--- WORK TASK ---
Every entry below should appear in the answer exactly as written, apart from the pictures.

(Extracted records)

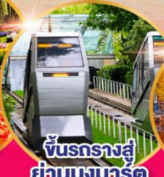
ขัั้นรางสู่ ย่านมงมาร์ต
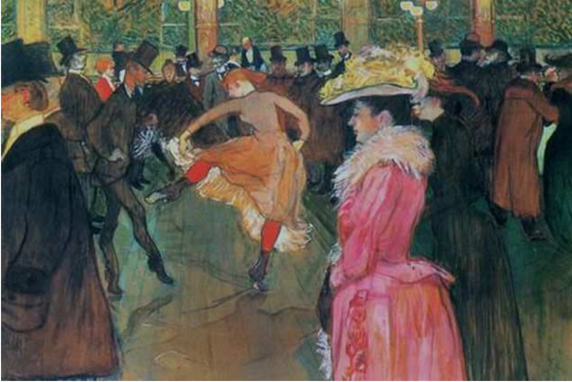
Рис. 2. Анри де Тулуз-Лотрек. Танец в Мулен Руж. 1890

Смотрим книгу репродукций Тулуз-Лотрека с его биографией, Б выбирает картину «Танец в Мулен Руж». Терапевт побуждает его начать, говоря, что с одной историей они уже очень хорошо справились. Б упирается, говорит, что это нужно только мне, потому что я тут главная. Тогда терапевт, догадавшись, что пациенту трудно усвоить, что он сделал что-то хорошо, начинает:
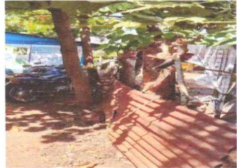
Sustitucion de muro perimetral de pared de block de concreto
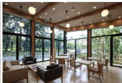
(コミュニティカフェ)
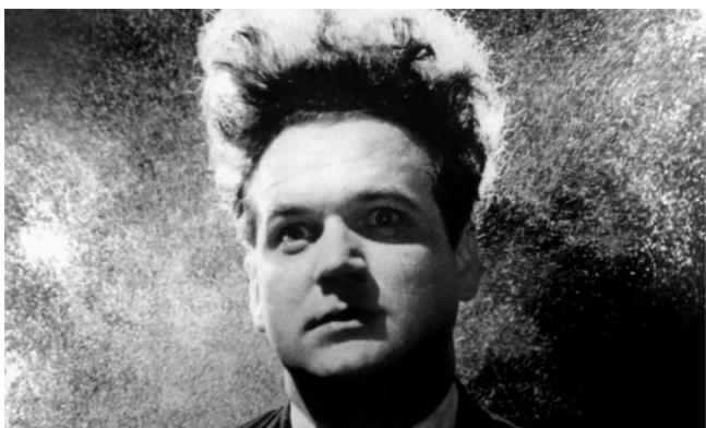
Obrázok 6: Jack Nance, Eraserhead
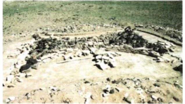
Рис. 20. Фигурная могила культуры тэви на территории Баянлиг сомона Баянхонгорского аймака

В начале-середине I тыс. до н.э. центральные и восточные регионы Монголии были заселены племенами, оставившими культуру плиточных могил . Эти погребения представляют собой ограду, ориентированную длинной стороной по направлению восток-запад и состоящую из вертикально установленных каменных плит. В центре оградки находилась могильная яма. Погребенный располагался на спине, вытянуто, головой на восток. Под голову и ноги умершего клали камень наподобие подушки. Иногда покойного укладывали в каменный ящик наподобие гроба, а чаще просто в яму, сопровождая его какими-либо предметами быта, и засыпали землей. Во II тыс. до н.э. на территории Хангайских гор эти племена соприкасались с народом, оставившим культуру оленных камней и херексуров. Восточная граница культуры херексуров и оленных камней проходит по территории Батширээт и Биндэр сомонов современного Хэнтийского аймака. Экономические и политические взаимоотношения носителей двух разных культур в настоящее время невозможно полностью выяснить. Однако наличие на одной территории плиточных могил, оленных камней и херексуров свидетельствует о том, что в ходе схожей хозяйственной деятельности представители двух культур непосредственно соприкасались, кочуя по территории друг друга и перенимая отдельные культурные ценности.
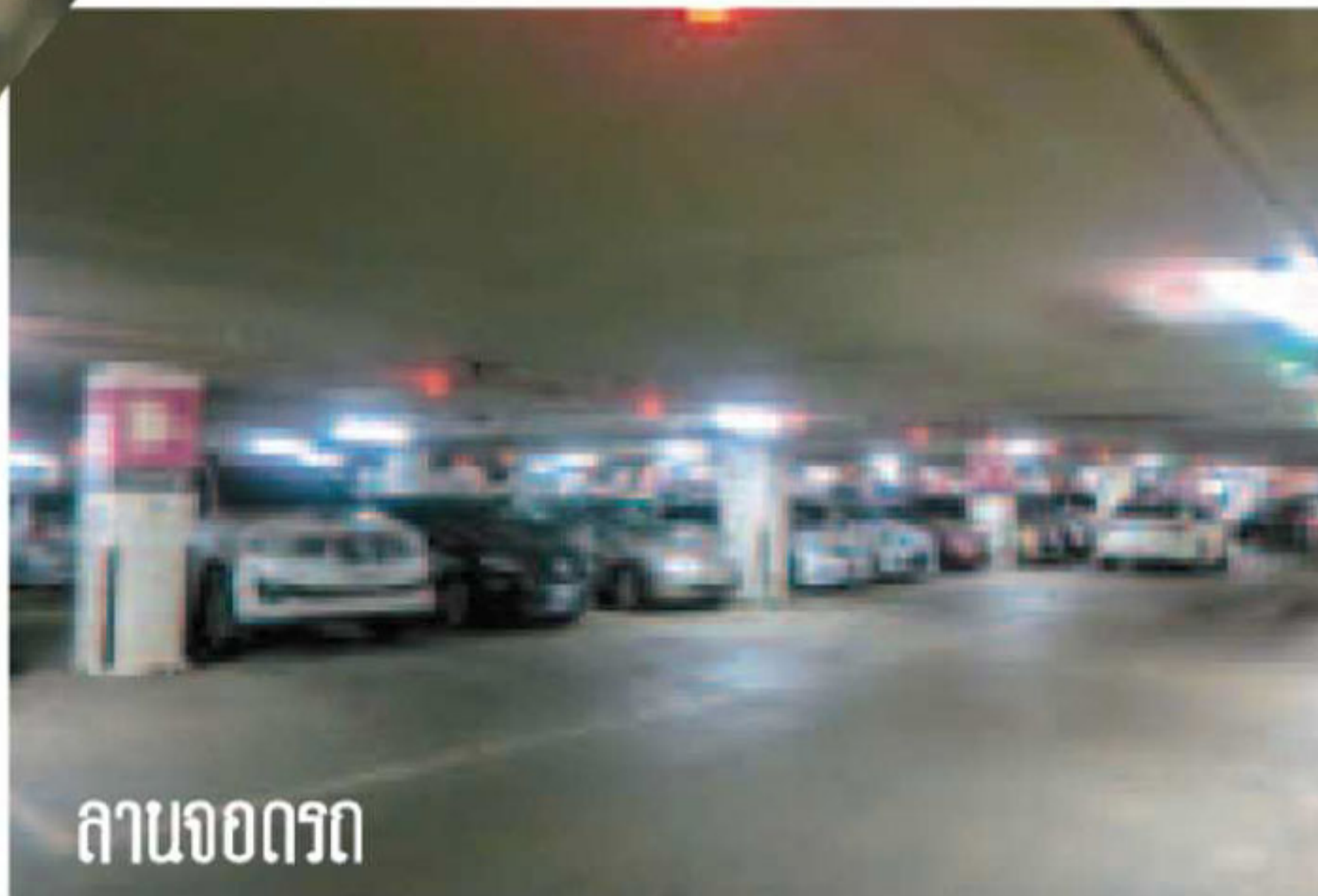
ลานจอดรถ
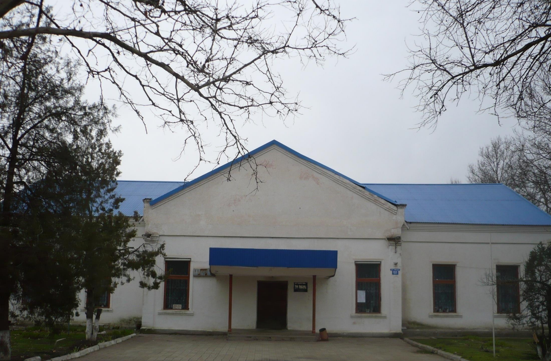
Дом культуры «Смоленский»
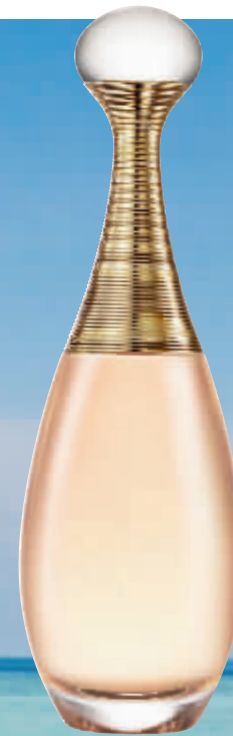
Dior迪奥真我情柔淡香水
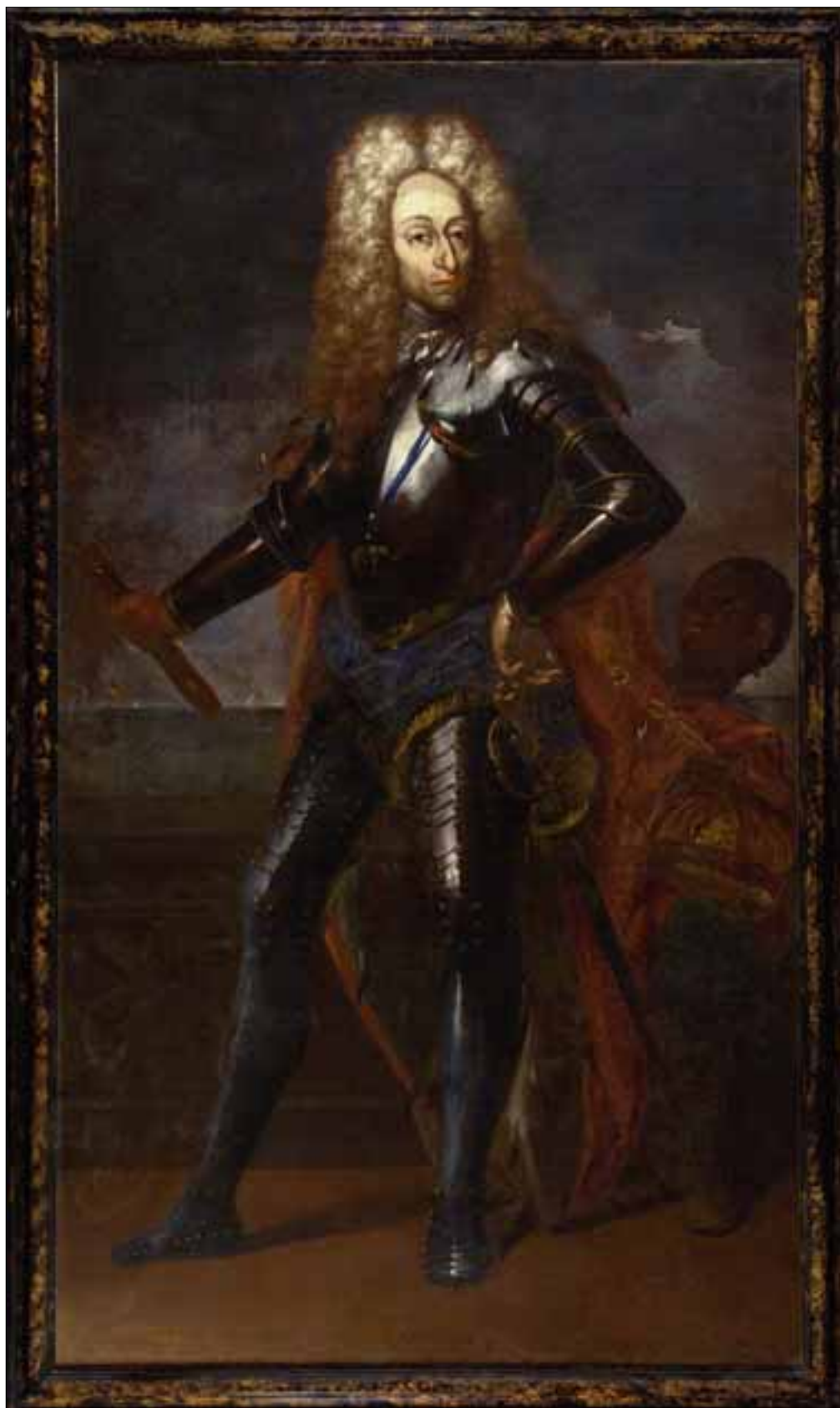
Pier Dandini, Ritratto di Frederik IV , 1709, Galleria Palatina, Firenze. Ministero della Cultura, Roma.

--- RESULT OF THIS EXERCISE ---
ขัั้นรางสู่ ย่านมงมาร์ต
Рис. 2. Анри де Тулуз-Лотрек. Танец в Мулен Руж. 1890

Смотрим книгу репродукций Тулуз-Лотрека с его биографией, Б выбирает картину «Танец в Мулен Руж». Терапевт побуждает его начать, говоря, что с одной историей они уже очень хорошо справились. Б упирается, говорит, что это нужно только мне, потому что я тут главная. Тогда терапевт, догадавшись, что пациенту трудно усвоить, что он сделал что-то хорошо, начинает:
Sustitucion de muro perimetral de pared de block de concreto
(コミュニティカフェ)
Obrázok 6: Jack Nance, Eraserhead
Рис. 20. Фигурная могила культуры тэви на территории Баянлиг сомона Баянхонгорского аймака

В начале-середине I тыс. до н.э. центральные и восточные регионы Монголии были заселены племенами, оставившими культуру плиточных могил . Эти погребения представляют собой ограду, ориентированную длинной стороной по направлению восток-запад и состоящую из вертикально установленных каменных плит. В центре оградки находилась могильная яма. Погребенный располагался на спине, вытянуто, головой на восток. Под голову и ноги умершего клали камень наподобие подушки. Иногда покойного укладывали в каменный ящик наподобие гроба, а чаще просто в яму, сопровождая его какими-либо предметами быта, и засыпали землей. Во II тыс. до н.э. на территории Хангайских гор эти племена соприкасались с народом, оставившим культуру оленных камней и херексуров. Восточная граница культуры херексуров и оленных камней проходит по территории Батширээт и Биндэр сомонов современного Хэнтийского аймака. Экономические и политические взаимоотношения носителей двух разных культур в настоящее время невозможно полностью выяснить. Однако наличие на одной территории плиточных могил, оленных камней и херексуров свидетельствует о том, что в ходе схожей хозяйственной деятельности представители двух культур непосредственно соприкасались, кочуя по территории друг друга и перенимая отдельные культурные ценности.
ลานจอดรถ
Дом культуры «Смоленский»
Dior迪奥真我情柔淡香水
Pier Dandini, Ritratto di Frederik IV , 1709, Galleria Palatina, Firenze. Ministero della Cultura, Roma.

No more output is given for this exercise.